(Supplied information)

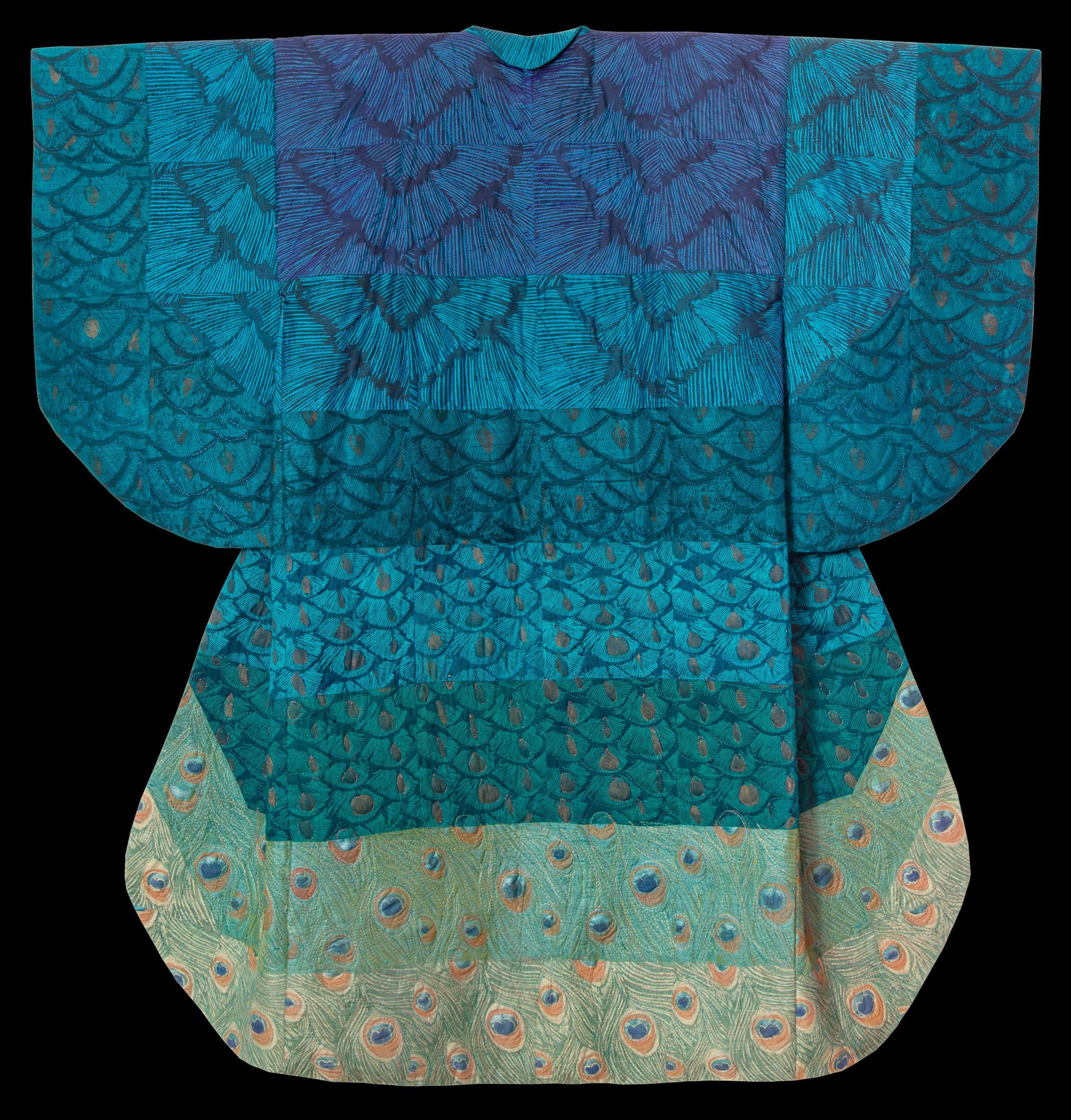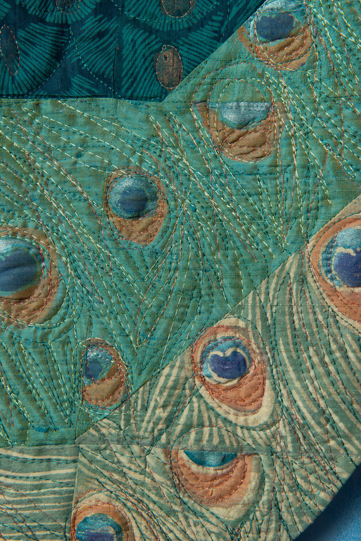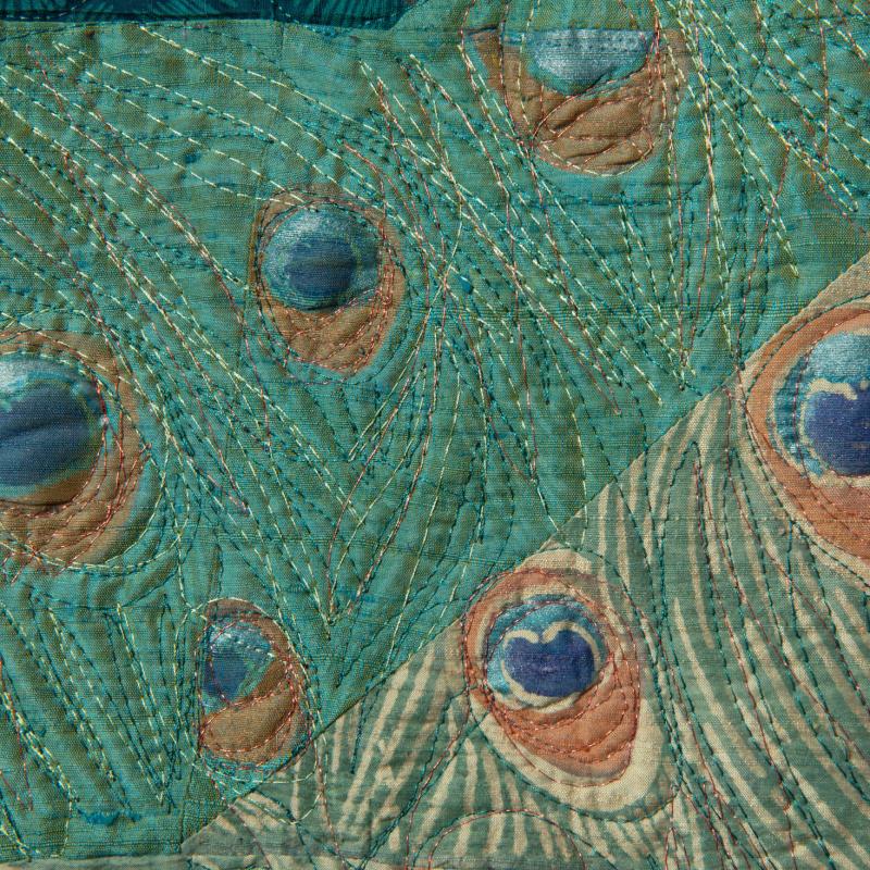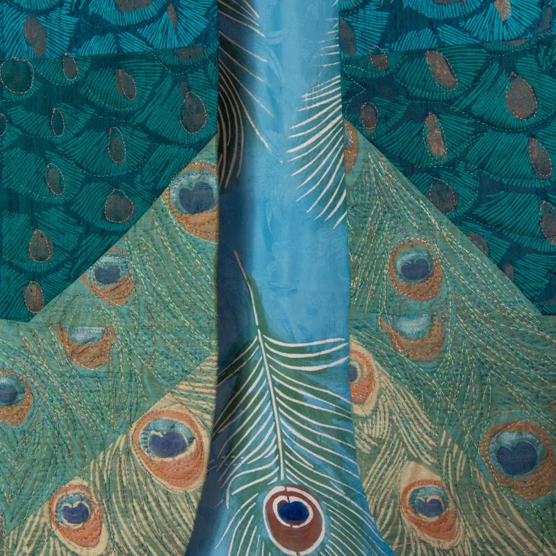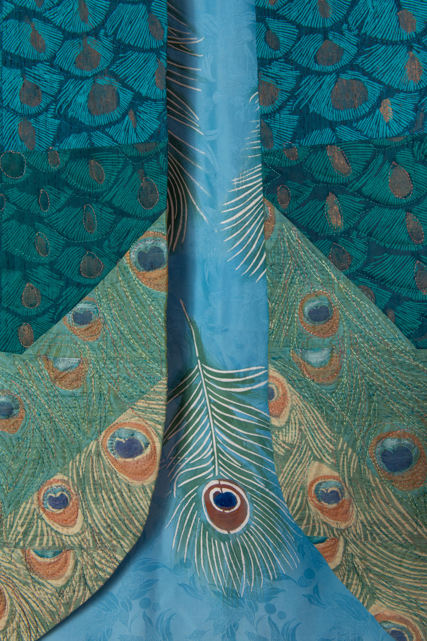 Who would think that a male peacock with its gaudy colors could ever be camouflaged? I was astonished to learn that recent research suggests all known peacock predators see only in black and white, so the subtle patterns of their beautiful feathers could actually be an effective camouflage in the leafy jungle where peacocks live. I very much enjoyed designing stencils to capture the change in pattern from head to tip of tail.
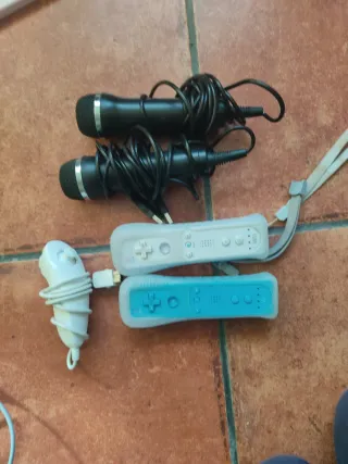 Pack de accesorios para Nintendo Wii que incluye dos micrófonos negros con cable y dos mandos (uno blanco y otro azul) con sus fundas protectoras. - Dos micrófonos negros con cable. - Un mando Wii blanco. - Un mando Wii azul. - Dos fundas protectoras para mandos.
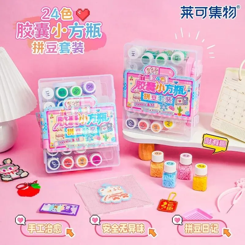 莱可集物24色胶囊小方瓶拼豆套装,内含20000余枚丰富素材,色彩饱满、安全无异味。小方瓶收纳设计整洁便携,搭配专业工具,轻松解锁多样创意手作,治愈解压,是手工爱好者的趣味之选。
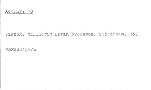 //// Aec.nr. 48 //// Visbok, tillhörig Karin Svensson, Stockholm,1932 vaxdukspärm ////
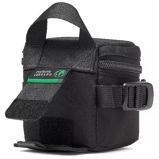 Introducing the ProTactic LCS 8 x 8 III, designed for the working photographer shooting events and other jobs all day, largely outdoors. This lens case is sized with an internal diameter of 8 cm and an internal height of 8 cm, perfect for smaller lenses. The dual-density foam provides a snug fit with a harder exterior for bumps and a softer interior for a secure hold. The compression strap allows for a customized fit, ensuring your lens stays in place. Versatile Carry Options
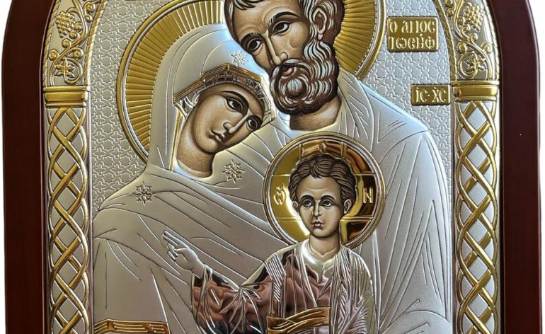(A-6/005G/K) Holy Family Byzantine Silver Christian Icon/Greek Handmade (red, 11×8)
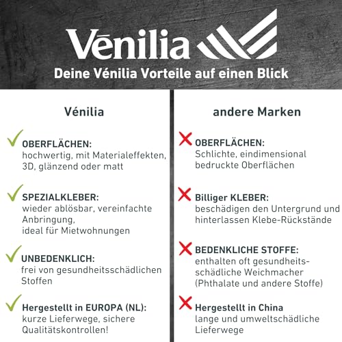 GROSSE AUSWAHL an DESIGNS: Venilia ist Ihr Experte in Sachen Innenausstattung seit 1874 Wir bieten eine große Auswahl an Designs für unsere selbstklebenden Folien, darunter Holz, Marmor, Stein, Blumen und vieles mehr Egal welchen Stil Sie bevorzugen, wir haben sicher das passende Design für Sie
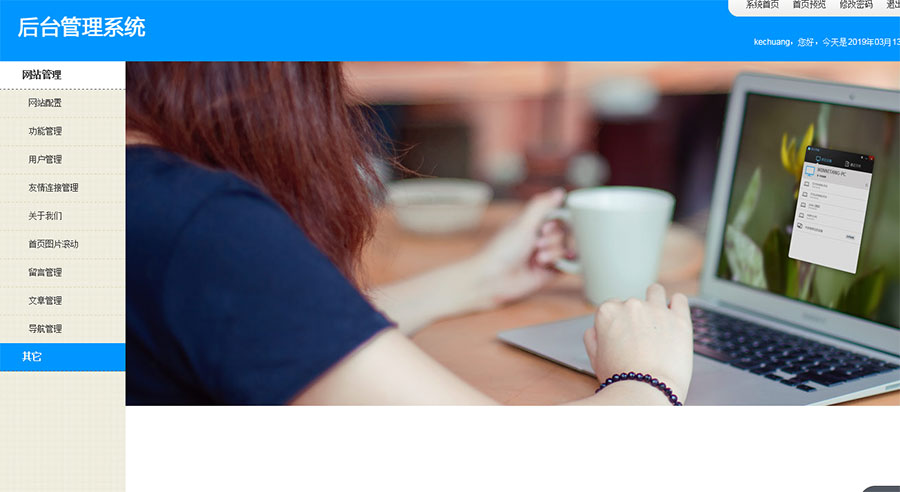 包含内容、后台页面、功能管理、用户管理、友情链接管理、关于我们、首页图片滚动、留言管理、文章管理、导航管理
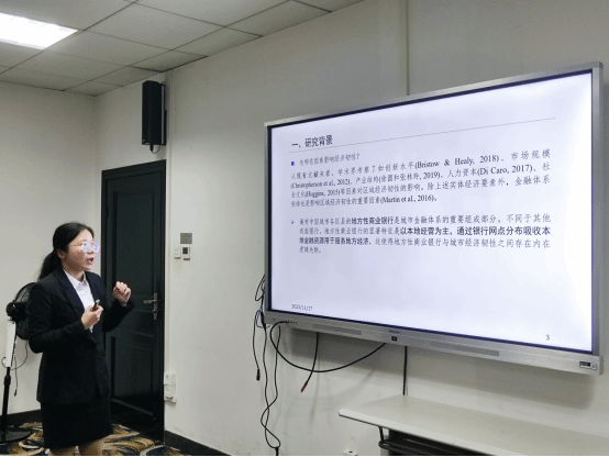 2021级金融学博士生秦力宸做了关于“地方性商业银行发展与城市经济韧性”的报告分享。该报告从地方性商业银行发展这一金融要素视角探讨如何增强城市经济韧性。在理论的基础上,该报告实证检验了地方性商业银行发展对城市经济韧性的影响。研究发现,相较于地方性商业银行网点分布少的城市,地方性商业银行网点分布密集的城市具有较强的经济韧性。机制检验表明,基于当地宏观经济的逆周期信贷供给和提升城市创新水平是地方性商业银行发展影响城市经济韧性的主要途径。浙江工商大学经济学院的刘乐易老师对这篇文章进行了点评。
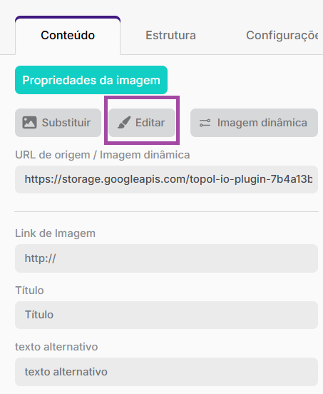 Você pode usar nosso editor de imagens integrado para editar qualquer imagem em seu modelo a qualquer momento. Basta clicar na imagem que deseja editar e, em seguida, clicar no botão Editar na parte superior da guia Propriedades da imagem na seção esquerda.
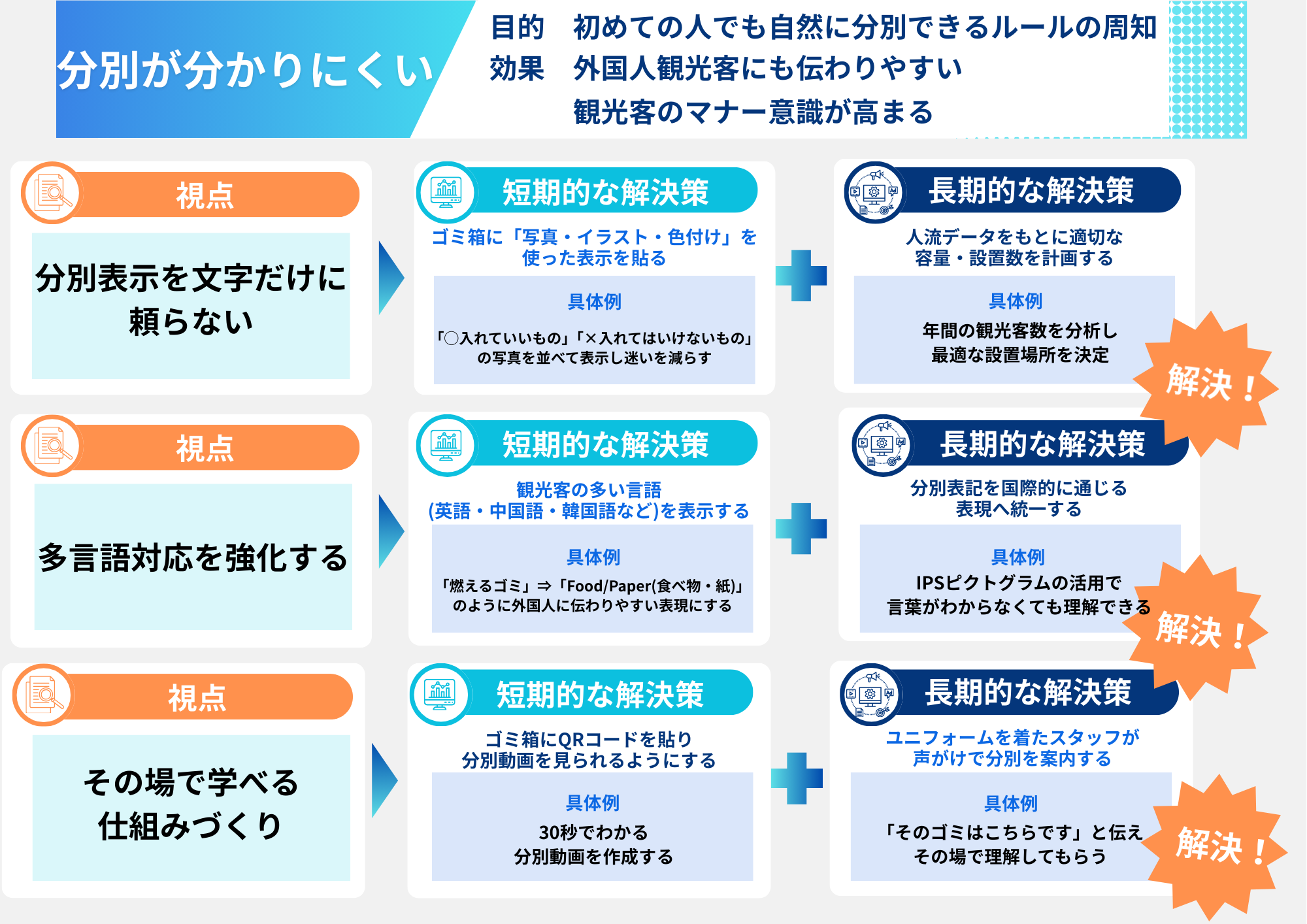 このように、初めて訪れる人でも自然に分別を学べるルールを周知することで、観光客のマナー意識が高まり、観光地全体の環境美化につながります。
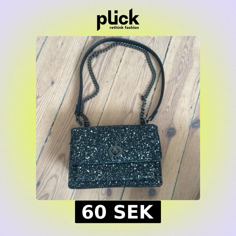 Snygg svart axelväska med glittrigt mönster och kedjedetaljer. Väskan har en praktisk storlek med flera fack inuti och en vridlåsning framtill. Perfekt för att ge en extra touch till din outfit. Använd 1-3 gånger
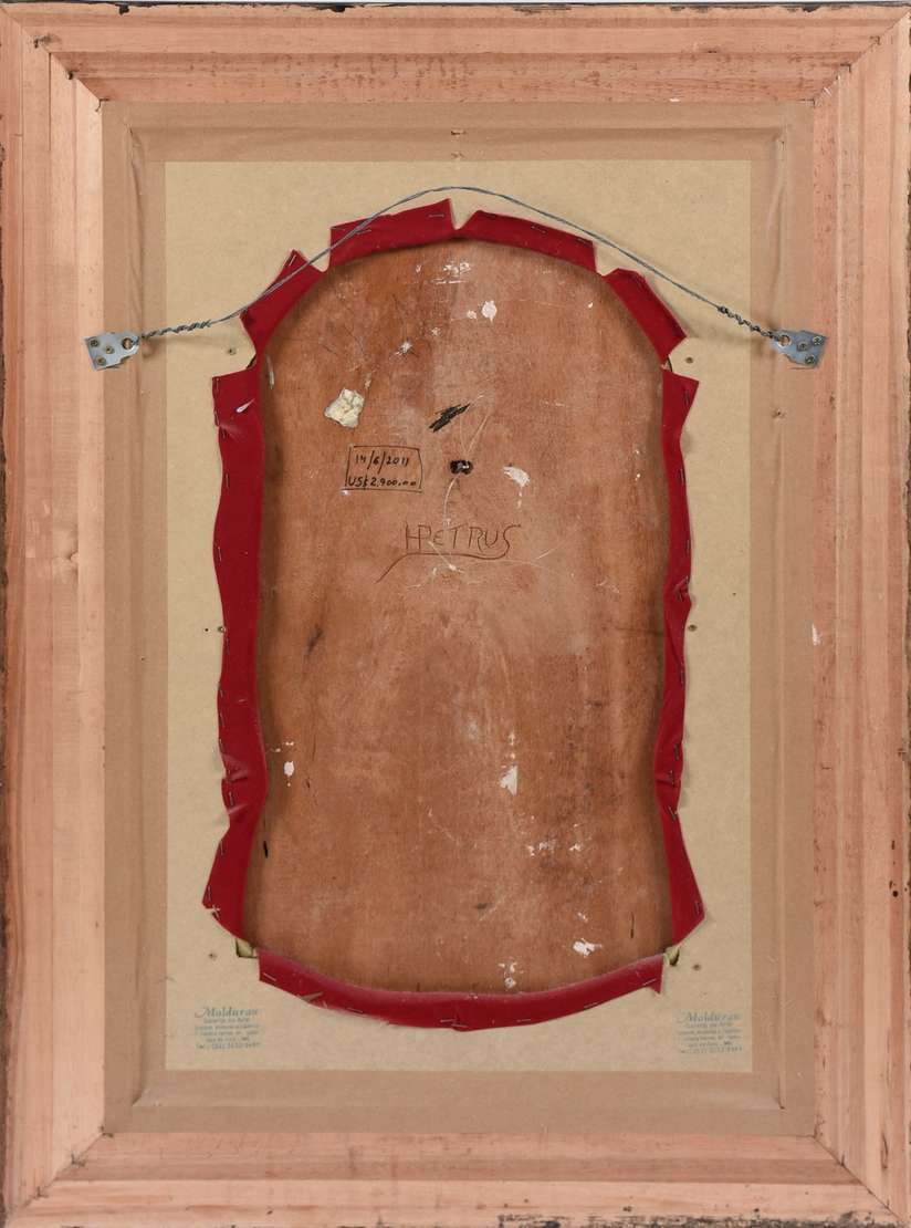 Sant'Anna Mestra - Antiga Imagem de madeira policromada, coroa e resplendor de prata (Partes rachadas e desgastes na...

(End Supplied information)

> _Exercise prompt_: Output only the lines running from the top of the data above to the line with "Introducing the ProTactic", inclusive, word for word and without pictures.

> _Task result_:
 Who would think that a male peacock with its gaudy colors could ever be camouflaged? I was astonished to learn that recent research suggests all known peacock predators see only in black and white, so the subtle patterns of their beautiful feathers could actually be an effective camouflage in the leafy jungle where peacocks live. I very much enjoyed designing stencils to capture the change in pattern from head to tip of tail.
 Pack de accesorios para Nintendo Wii que incluye dos micrófonos negros con cable y dos mandos (uno blanco y otro azul) con sus fundas protectoras. - Dos micrófonos negros con cable. - Un mando Wii blanco. - Un mando Wii azul. - Dos fundas protectoras para mandos.
 莱可集物24色胶囊小方瓶拼豆套装,内含20000余枚丰富素材,色彩饱满、安全无异味。小方瓶收纳设计整洁便携,搭配专业工具,轻松解锁多样创意手作,治愈解压,是手工爱好者的趣味之选。
 //// Aec.nr. 48 //// Visbok, tillhörig Karin Svensson, Stockholm,1932 vaxdukspärm ////
 Introducing the ProTactic LCS 8 x 8 III, designed for the working photographer shooting events and other jobs all day, largely outdoors. This lens case is sized with an internal diameter of 8 cm and an internal height of 8 cm, perfect for smaller lenses. The dual-density foam provides a snug fit with a harder exterior for bumps and a softer interior for a secure hold. The compression strap allows for a customized fit, ensuring your lens stays in place. Versatile Carry Options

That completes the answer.